Warning: Underwater volcano off US west coast ‘about to erupt’ in 2025

Scientists have warned that an underwater volcano off the coast of the northwestern US is likely to erupt sometime in 2025.

The volcano, called Axial Seamount, is over 3,000 feet high and is located half a mile underwater, just 300 miles off the Oregon coast.

Experts made the prediction on December 10 after detecting seafloor swelling around Axial that mimicked levels observed just before a 2015 eruption.

Seismic activity has also increased, with hundreds of earthquakes per day being generated around the volcano and more than 500 earthquake swarms per day.

“Based on current trends and the assumption that Axial will be ready to erupt when it reaches the 2015 inflation threshold, our current forecast window for eruptions is between now (July 2024) and late 2025,” researchers said in the new study. .

The team first noticed the swelling in November using a suite of tools to closely monitor this volcano’s activity, collecting real-time data on its rumbling, shaking, swelling and even tilting.

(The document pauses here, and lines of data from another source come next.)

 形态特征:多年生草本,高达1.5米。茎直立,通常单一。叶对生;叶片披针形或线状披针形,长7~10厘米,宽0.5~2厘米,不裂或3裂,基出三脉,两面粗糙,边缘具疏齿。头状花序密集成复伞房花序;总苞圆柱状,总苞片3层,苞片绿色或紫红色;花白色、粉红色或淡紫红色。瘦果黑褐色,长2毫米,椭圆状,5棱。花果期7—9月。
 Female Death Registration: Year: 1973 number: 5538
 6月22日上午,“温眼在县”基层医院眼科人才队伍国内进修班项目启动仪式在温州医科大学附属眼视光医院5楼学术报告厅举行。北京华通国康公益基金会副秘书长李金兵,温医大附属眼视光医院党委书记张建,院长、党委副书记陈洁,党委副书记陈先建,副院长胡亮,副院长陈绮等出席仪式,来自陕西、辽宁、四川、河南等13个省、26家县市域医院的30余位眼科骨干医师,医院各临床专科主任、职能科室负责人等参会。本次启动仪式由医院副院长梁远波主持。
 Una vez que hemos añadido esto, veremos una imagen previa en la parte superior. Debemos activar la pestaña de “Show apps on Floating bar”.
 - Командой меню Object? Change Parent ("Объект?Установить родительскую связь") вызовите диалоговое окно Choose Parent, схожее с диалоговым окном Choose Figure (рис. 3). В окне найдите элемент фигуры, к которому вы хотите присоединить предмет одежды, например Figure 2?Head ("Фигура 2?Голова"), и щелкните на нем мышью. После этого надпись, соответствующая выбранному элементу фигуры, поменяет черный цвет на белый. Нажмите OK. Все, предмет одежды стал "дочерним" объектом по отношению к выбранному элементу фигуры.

Axial, located on the Juan de Fuca ridge, is the most active underwater volcano in the northeastern Pacific Ocean.

Because Axial erupts regularly, it provides scientists with a unique opportunity to study the warning signs that lead to an eruption and learn how to predict it.

Scientists have warned that an underwater volcano off the coast of the northwestern US will erupt sometime in 2025.

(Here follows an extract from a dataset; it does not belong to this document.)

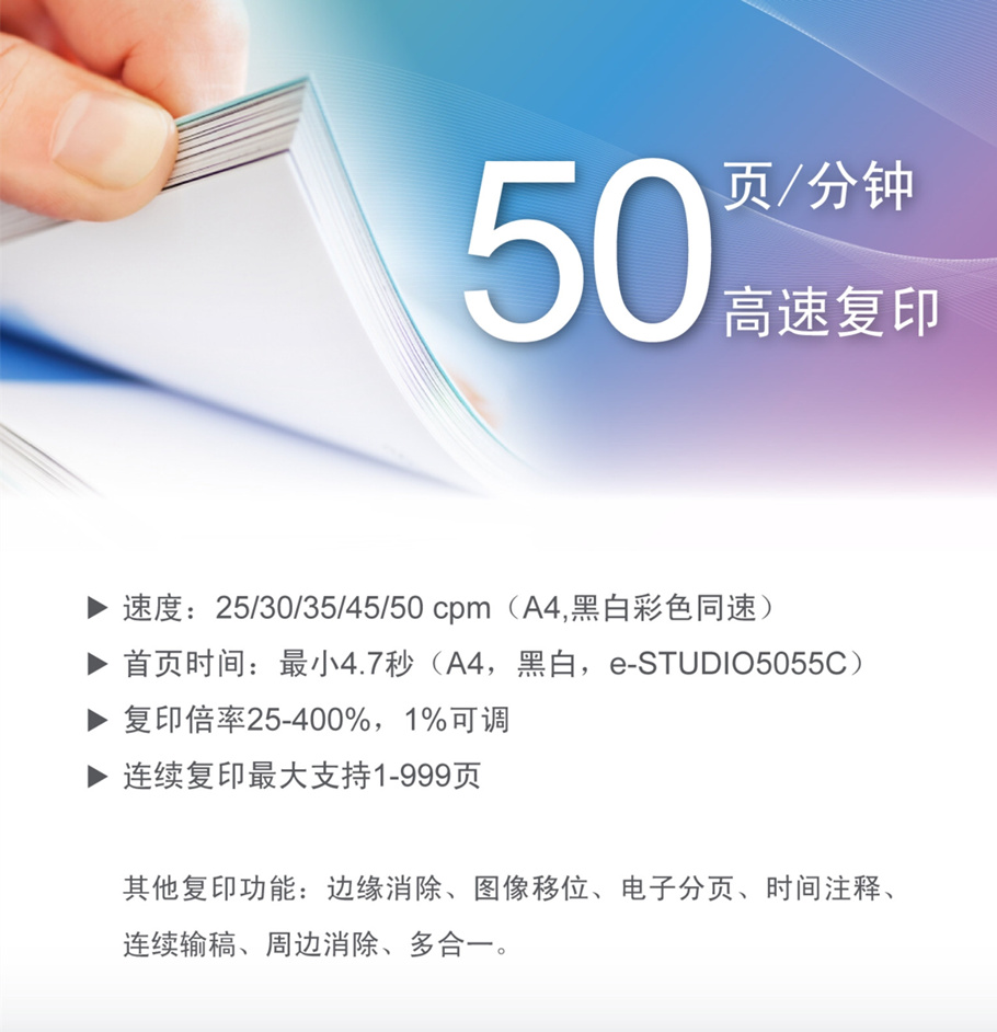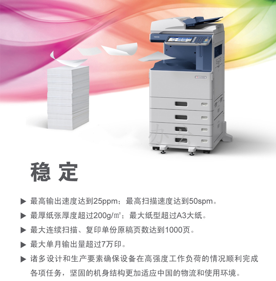描述:e-STUDIO2555C采用東芝新一代彩色數(shù)碼復(fù)合機(jī)系統(tǒng)平臺,搭載1.2GHz中央處理器及2GB系統(tǒng)內(nèi)存,配合東芝獨(dú)有的人性化操作界面,為客戶提供方便且高效穩(wěn)定的數(shù)據(jù)處理服務(wù)。
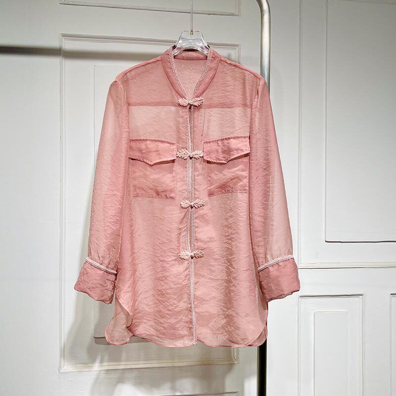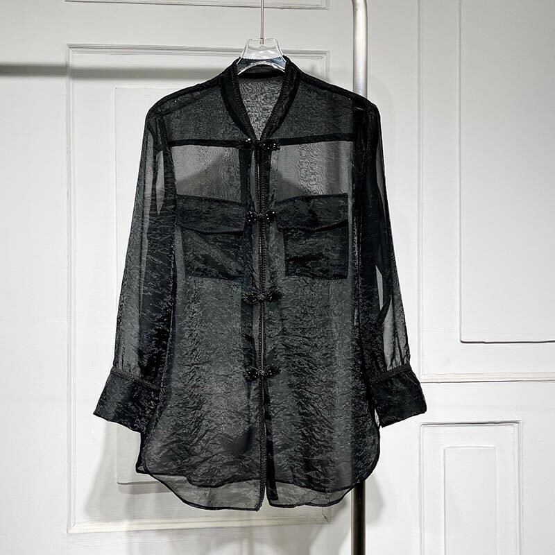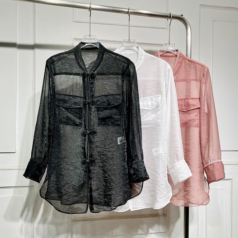 📚 中国风长袖盘扣衬衫女春季新款宽松显瘦气质薄透暮云纱上衣潮

Experts made the prediction on December 10 after detecting seafloor swelling around Axial that mimicked levels observed just before a 2015 eruption.

Experts made the prediction on December 10 after detecting seafloor swelling around Axial that mimicked levels observed just before a 2015 eruption.

Fortunately, Axial eruptions pose little threat to people and infrastructure on the West Coast.

That’s largely because it is a shield volcano, which generally does not have very explosive eruptions.

Furthermore, the seismic activity around it is too minimal to cause a tsunami or major earthquake.

Geophysicist William Chadwick of Oregon State University began investigating the volcano in November he noticed that the surface had swollen to almost the same height as before the last eruption, almost ten years ago.

Surface swelling is a strong indication that a shield volcano is about to erupt, because it means magma has built up underground and is building pressure.

The swelling that occurred before the 2015 eruption allowed Chadwick and his colleagues to predict that event.

It was their “best predicted success,” he said Scientific news.

Since the last eruption, Axial has reinflated to more than 95 percent of its last pre-eruption threshold, Chadwick and his colleagues explained in a statement.

Because Axial erupts regularly, it provides scientists with a unique opportunity to study the warning signs that lead to an eruption and learn how to predict it.

Because Axial erupts regularly, it provides scientists with a unique opportunity to study the warning signs that lead to an eruption and learn how to predict it.

This swelling has not been constant. The rate of inflation fell between 2015 and 2023, and by the summer of 2023 it had almost come to a standstill.

At the same time, the level of seismic activity remained relatively low during this period.

But starting in the fall of 2023, and especially since January 2024, both the volcano’s swelling and seismic activity have gradually increased, “apparently indicating a fundamental change in the magma supply to the volcano,” the researchers explained.

By July 2024, the swelling had increased to about 10 inches per year and was still growing.

“If inflation and seismicity continue to increase, an eruption before the end of 2024 may be likely,” the team said.

The ability to predict an eruption more than 24 hours in advance is “pretty unique,” let alone reported months in advance, Chadwick told Science News.

But the massive research effort surrounding Axial has allowed researchers to delve deeper into the mechanisms that cause undersea volcanic eruptions than ever before.

They have even developed a new instrument that can estimate the magma eruption that will cause the next eruption. Others have used artificial intelligence to sift through earthquake data from before the 2015 eruption and learn more about the looming warning signs.

Even though Axial is not a particularly dangerous undersea volcano, the prediction capabilities scientists have gained from studying it can help them predict eruptions from those that are.

For example, in January 2022, an extremely powerful eruption of the Hunga underwater volcano in the Tonga archipelago in the South Pacific Ocean caused a tsunami that caused an estimated $90 billion in damage.

This massive wave hit California, Hawaii and parts of Canada, Chile, Fiji, Japan, New Zealand, Mexico and Peru.

The West Coast doesn’t have to worry about Axial causing such an event. But the upcoming eruption will give scientists another chance to learn how these powerful geological structures work.